====== DATA ======

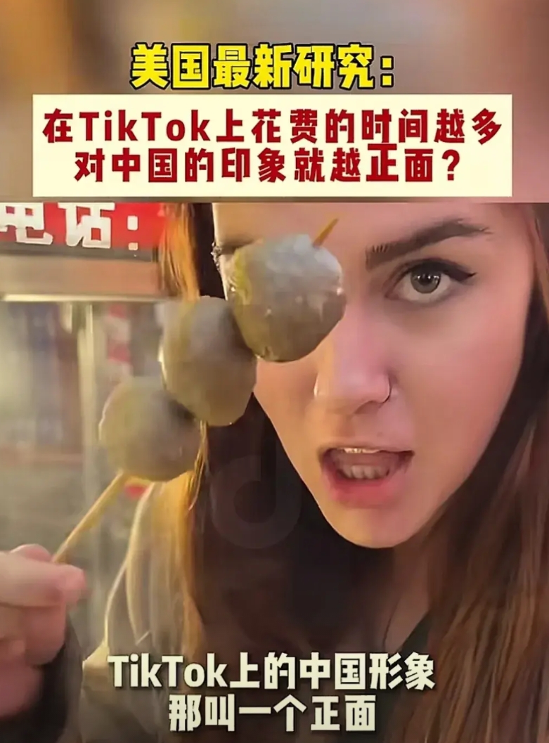 美国有个研究,说在tiktok上花费的时间越多,对中国的印象就越正面。在油管,脸书这类平台上,中国的负面内容超过80%。而tiktok只占11%。相比政治话题,tiktok提供给用户的更多是中国文化和旅游的视频。
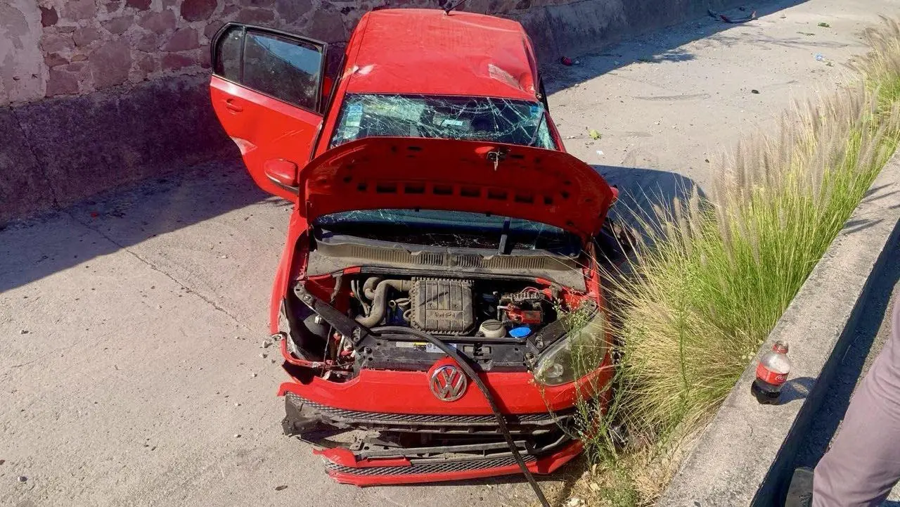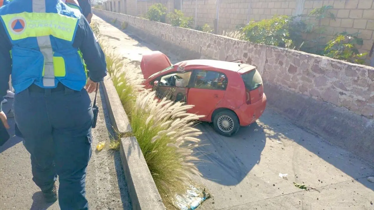 La tarde del jueves se registró un accidente en el Fraccionamiento Viñedos, en Querétaro, luego de que un automóvil saliera del camino y cayera al interior de un canal pluvial.
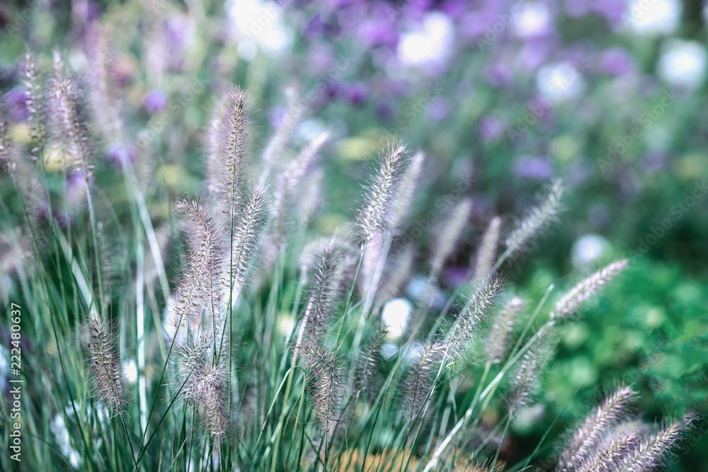 Green grass with decorative ears, summer nature. Summer vivid, colorful, picturesque background
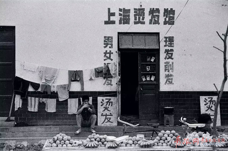 ????1982年,小商販在河北路一家上海燙發(fā)館門(mén)前擺攤賣(mài)水果。(青島日?qǐng)?bào)/青報(bào)網(wǎng)記者 王群 攝)?
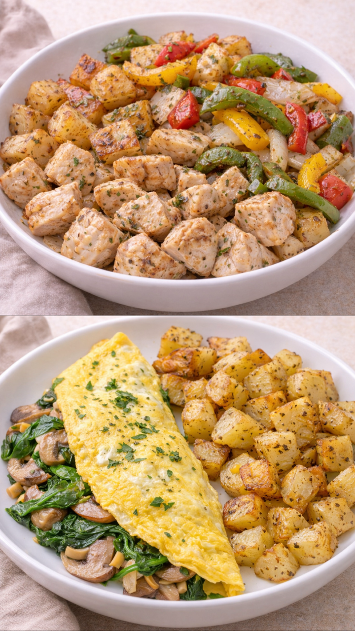 (3) Chicken Breakfast Hash (2) Protein Veggie Omelette(2) Chicken Breakfast Hash (3) Protein Veggie Omelette(5) Chicken Breakfast Hash(5) Protein Veggie Omelette

======

TASK DETAILS: Leaving out the images, return the entries above exactly as they read.

ANSWER TO THE PROBLEM:
 美国有个研究,说在tiktok上花费的时间越多,对中国的印象就越正面。在油管,脸书这类平台上,中国的负面内容超过80%。而tiktok只占11%。相比政治话题,tiktok提供给用户的更多是中国文化和旅游的视频。
 La tarde del jueves se registró un accidente en el Fraccionamiento Viñedos, en Querétaro, luego de que un automóvil saliera del camino y cayera al interior de un canal pluvial.
 Green grass with decorative ears, summer nature. Summer vivid, colorful, picturesque background
 ????1982年,小商販在河北路一家上海燙發(fā)館門(mén)前擺攤賣(mài)水果。(青島日?qǐng)?bào)/青報(bào)網(wǎng)記者 王群 攝)?
 (3) Chicken Breakfast Hash (2) Protein Veggie Omelette(2) Chicken Breakfast Hash (3) Protein Veggie Omelette(5) Chicken Breakfast Hash(5) Protein Veggie Omelette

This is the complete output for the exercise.